TASK TO COMPLETE: Copy all the records exactly, but keep the pictures out of your version.

Excerpts from a dataset
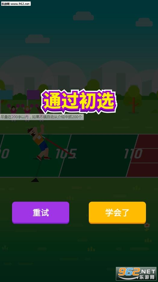 玩家可以选择跨栏,滑翔伞,标枪,短跑,三级跳等等项目挑战,你需要完成关卡挑战,只有达到每一关的评分标准才可以进入下一关解锁新项目。
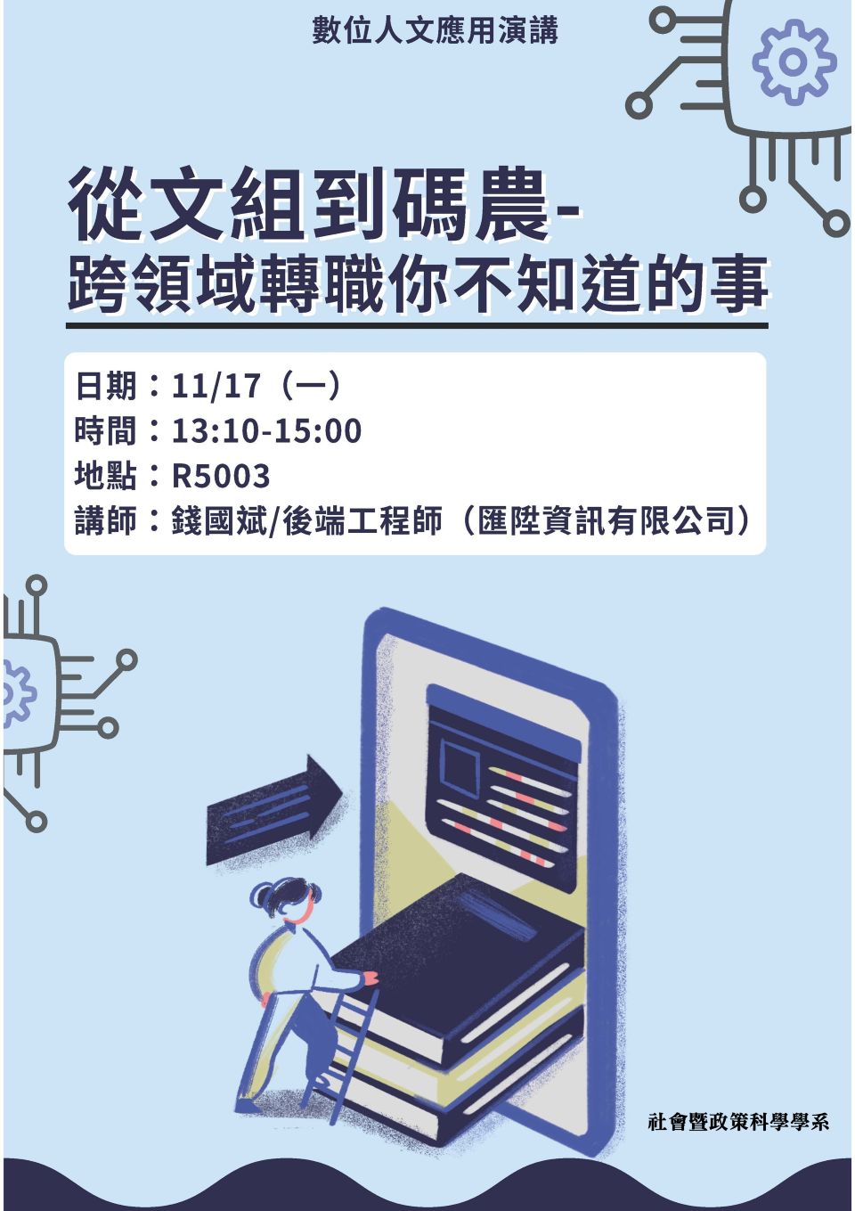 社政系課堂演講「從文組到碼農--跨領域轉職你不知道的事」114/11/17(一)13:10-15:00~R5003教室
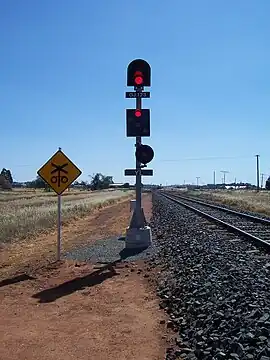 There are no speed signals in Western Australia's freight system operated by Brookfield Rail[25] and they are either Approach, Outer Home, Home, Departure and Starting signals.[26] Perth's urban passenger network is operated by the Public Transport Authority and the Rules are identical to that of the freight, with a few minor differences. One of them is the use of Station Limits boards similar to that used in Train Order territory.
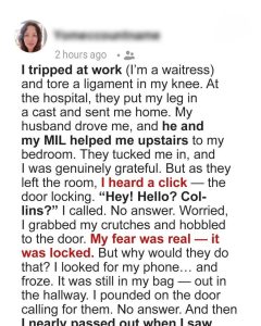 Then I got hurt at work — torn ligament, six weeks of recovery. Collins was sweet at first, fluffing pillows and promising to take care of me. But the next day, I woke to a locked door. A paper slid under it read: “Interim Home Contribution Agreement,” listing chores, restrictions, and rent once I healed. It was signed by Collins and Jenna. A pen lay beside it, waiting for mine.
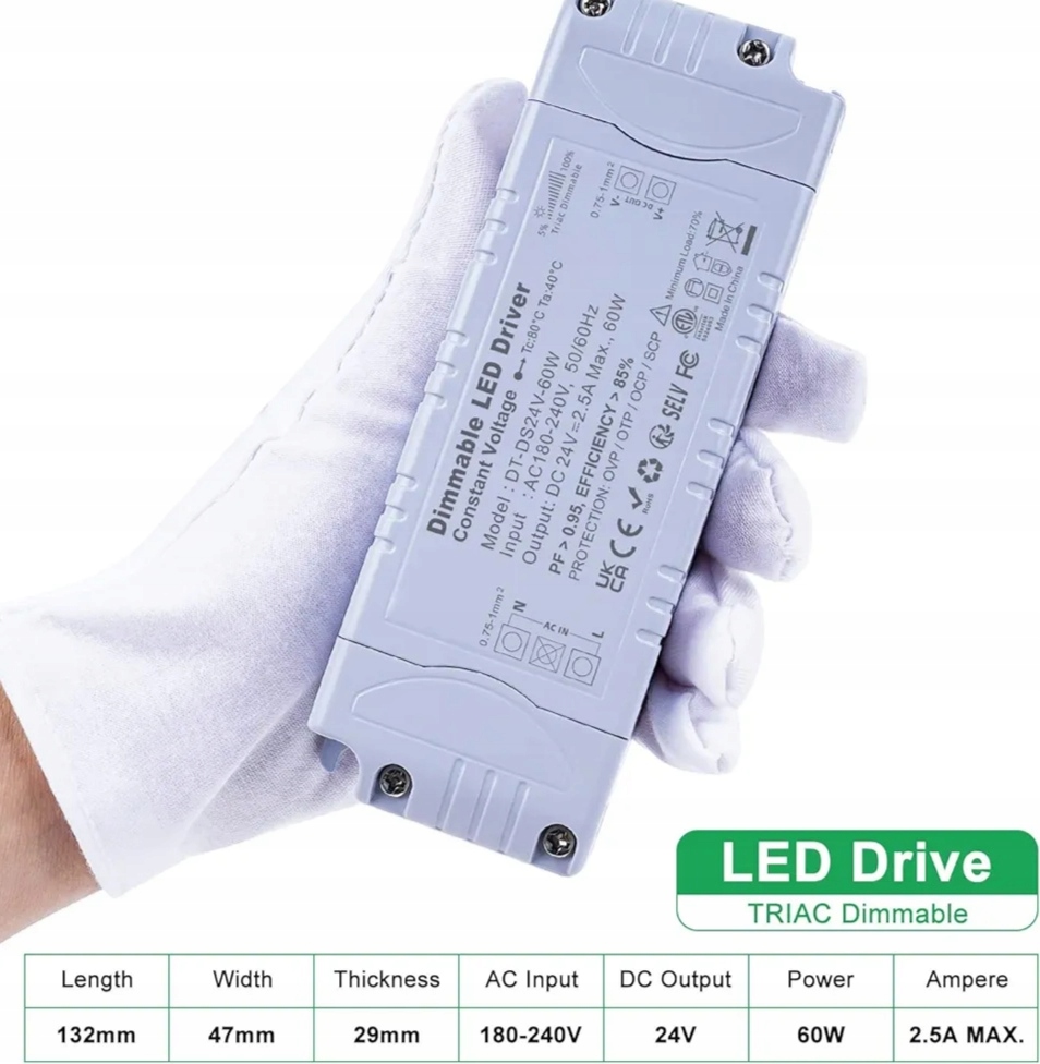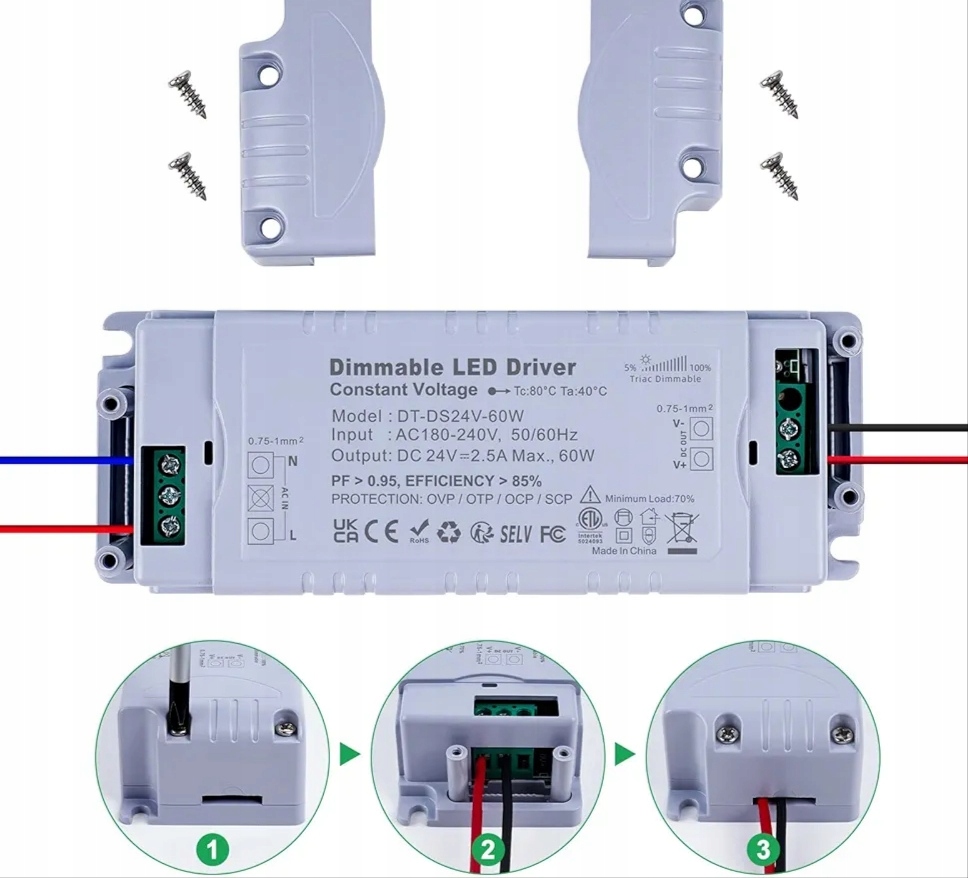 - Світлодіодний драйвер із регулятором постійної напруги класу II, вхід змінного струму 180–240 В, вихід постійного струму 24 В, 50/60 Гц.

OUTPUT OF THE TASK:
 玩家可以选择跨栏,滑翔伞,标枪,短跑,三级跳等等项目挑战,你需要完成关卡挑战,只有达到每一关的评分标准才可以进入下一关解锁新项目。
 社政系課堂演講「從文組到碼農--跨領域轉職你不知道的事」114/11/17(一)13:10-15:00~R5003教室
 There are no speed signals in Western Australia's freight system operated by Brookfield Rail[25] and they are either Approach, Outer Home, Home, Departure and Starting signals.[26] Perth's urban passenger network is operated by the Public Transport Authority and the Rules are identical to that of the freight, with a few minor differences. One of them is the use of Station Limits boards similar to that used in Train Order territory.
 Then I got hurt at work — torn ligament, six weeks of recovery. Collins was sweet at first, fluffing pillows and promising to take care of me. But the next day, I woke to a locked door. A paper slid under it read: “Interim Home Contribution Agreement,” listing chores, restrictions, and rent once I healed. It was signed by Collins and Jenna. A pen lay beside it, waiting for mine.
 - Світлодіодний драйвер із регулятором постійної напруги класу II, вхід змінного струму 180–240 В, вихід постійного струму 24 В, 50/60 Гц.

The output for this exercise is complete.